Проскурин с виду был увалень. Лицо круглое, румяное, в веснушках и зимой и летом. Глаза - щелочки.
«Факт точный - проверено, - сказал он. - Боевой опыт из БУП возьму, часть первая. А имя-отечество!..
Ниоткуда не возьмешь. Прочтет человек - полная ясность».
Потом я в нашей газете сразу находил проскуринские заметки: «младший сержант Николай Иллиадорович Ступин, рядовой боец Тимофей Максимович Логинов » ; узнавал их, даже если заметки не были подписаны.
И тогда, и после, вспоминая собственное незадачливое сочинительство, я часто думал, что в газетных писаниях присутствует неприятная двойственность.

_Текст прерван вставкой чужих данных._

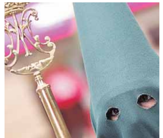
▲ Fervor. Cofrade de La Macarena, identificado por su típico capuz verde y la eme mariana de su báculo.
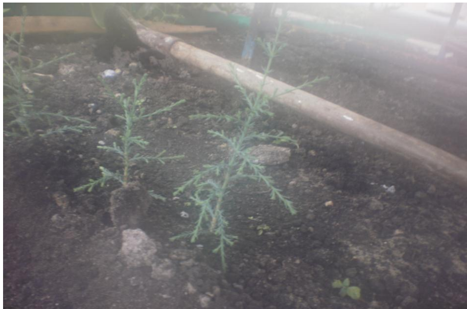
Рис. 5. Однорічні сіянці Cupressus sempervirens L.

Станом на 19.03.12 досліджувані рослини досягли 17-20 см у висоту (рис. 5).
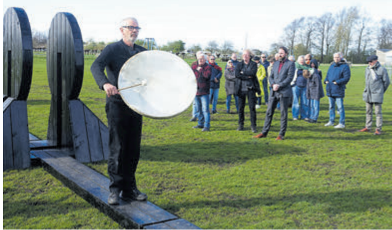
De ingebruikname van het Contemplatorium op 28 maart.

Akerslout - Het houten kunstwerk van de Stichting Kunst in C dat eind maart in De Hoorne feestelijk door wethouder Valentijn Brouwer werd onthuld en vervolgens begin april werd gestolen, houdt de gemeederen nog steeds bezig.
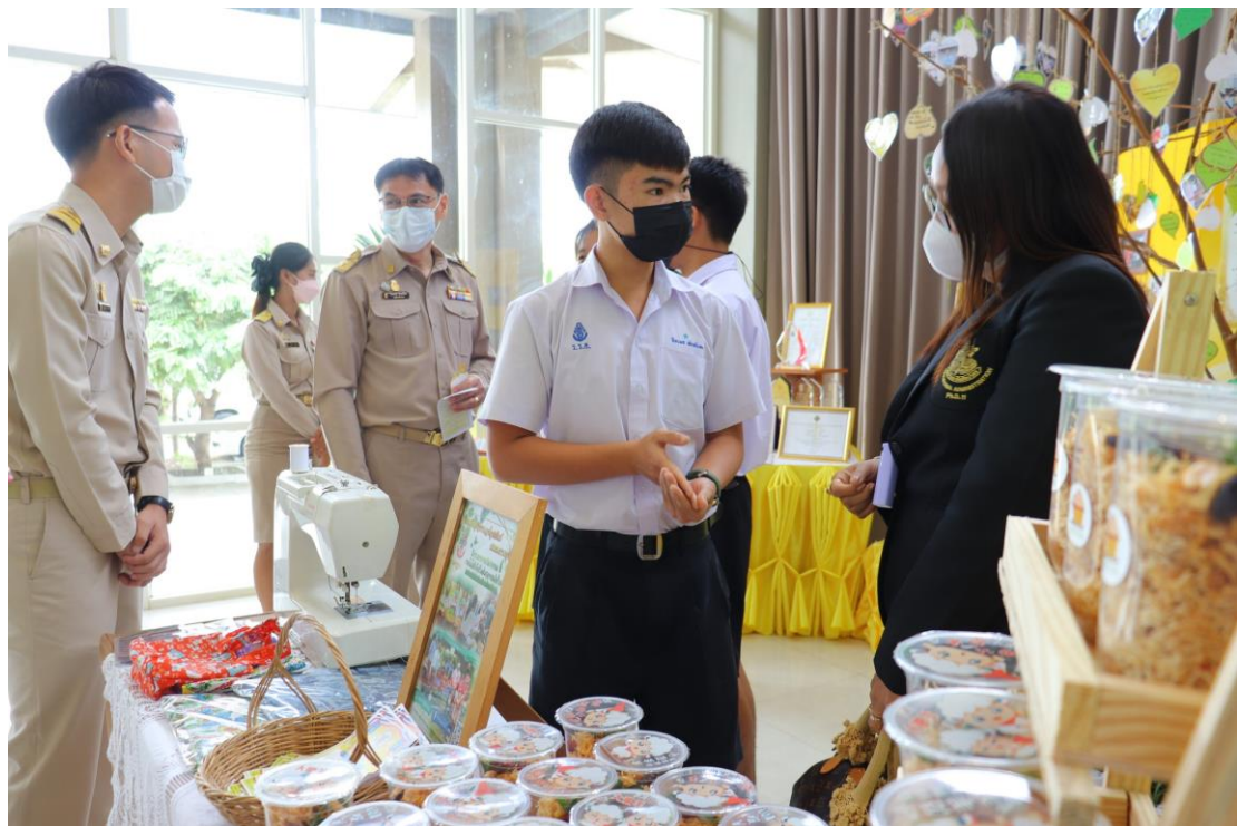
ภาพที่ 4 : การนำเสนอผลงานและแลกเปลี่ยนเรียนรู้
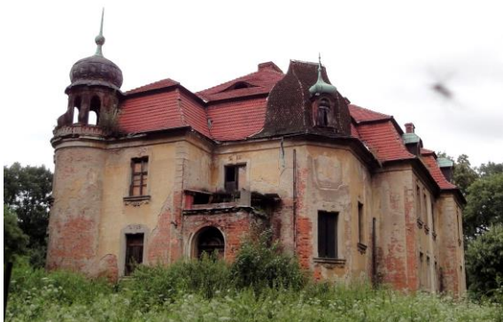
Zdjęcie nr 4. Pałac w Ligocie Strupińskiej

Pałac wzmiankowany w 1845 r., obecny wzniesiony ok. 1890 r. jest własnością prywatną. Zleceniodawcą jego budowy była zapewne hrabina Agnes von Pourtalès. Neobarokowy budynek murowany, na planie rozczłonkowanego prostokąta ze ściętym narożem, z aneksami, ryzalitami i trójkondygnacyjną, cylindryczną basztą w narożu płn. - zach., zwieńczoną cebulastym hełmem. Podpiwniczony, dwukondygnacyjny, nakryty dachami mansardowymi z lukarnami. Dwuosiowa fasada skomponowana asymetrycznie, z wejściem umieszczonym w parterowym ganku zwieńczonym balkonem. Elewacje ryzalitowane, narożniki zaakcentowane boniowaniem, okna w uszakowych opaskach ze zwornikiem w kluczu; W części okien podwieszony ornament cęgowy - pod parapetami oraz spływy wolutowe po bokach zworników. Detal architektoniczny wypracowany w tynku.
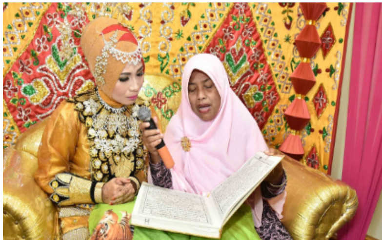
Gambar 1: Pengantin Perempuan didampingi saat mengkhatamkan Qur'an

Selain memaksa kaum perempuan keluar rumah untuk bersosialisasi, ritual mohatamu juga memaksa kaum perempuan mempersiapkan mental untuk tampil di depan publik. Sebagaimana dikemukakan para informan bahwa sejak anak gadis mereka dilamar seseorang, sejak saat itulah anak gadisnya secara rutin melakukan latihan, membaca al-Qur'an dengan baik dan benar, baik di hadapan orangtuanya maupun dilakukan secara mandiri di depan cermin. Dengan melakukan latihan secara rutin, rasa malu dan tidak percaya diri berangsur-angsur pulih.
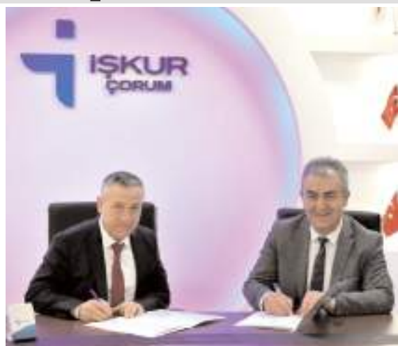
19.02.2024 tarihinde başlayacak olan program 19.08.2024 tarihinde sona erecek.

TYP'lere program süresince Adrese Dayalı Nüfus Kayıt Sistemine göre (ADNKS) aynı adreste ikamet eden kişilerden yalnızca birisi katılabilecek. Adrese Dayalı Nüfus Kayıt Sistemine (ADNKS) göre aynı adreste oturanların, programa başvuru yapılan tarih dikkate alınarak ulaşılabilen en yakın döneme ait gelir getirici bir işte çalışma sonucu elde ettikleri toplam kazançlarının asgari ücret tespit komisyonu tarafından belirlenen net asgari ücretin 1,5 katını aşması halinde
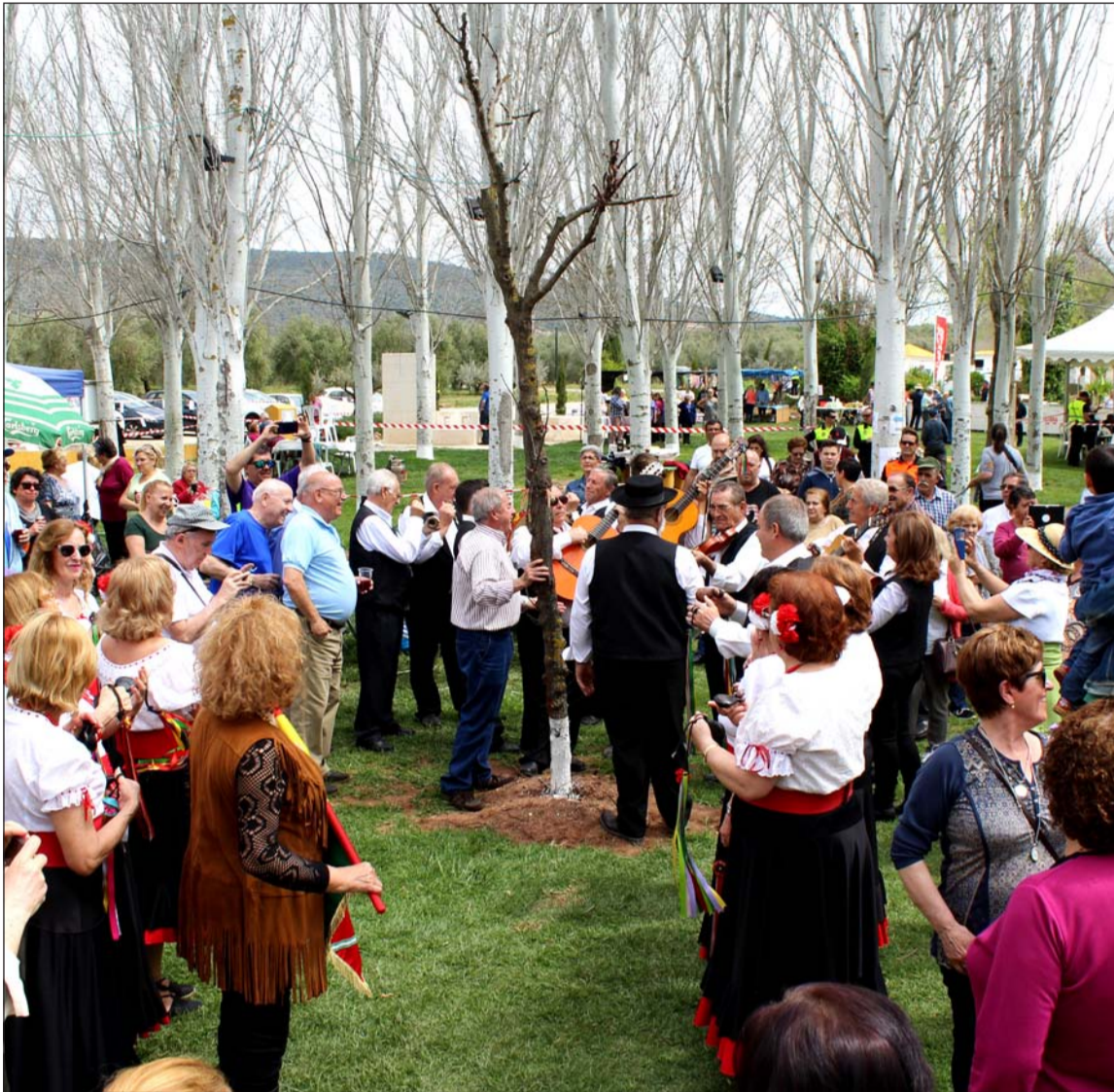
Baile de Verdiales en el Parque Santillán de Mollina.

◆ Federación Malagueña de Peñas, Centros Culturales y Casas Regionales 'La Alcazaba'

Пишешь о человеке и для этого человека, а стараешься, чтобы было покрасивее, чтобы втиснулось нечто свое, чтобы понравилось. Не этому человеку, а в редакции и вообще.
Проскурин думал только о том, о ком писал, писал для него одного.
От «имен-отечеств», пестревших по всей полосе - заметок до пяти на странице, - наша газетка выглядела совсем непохоже на другие.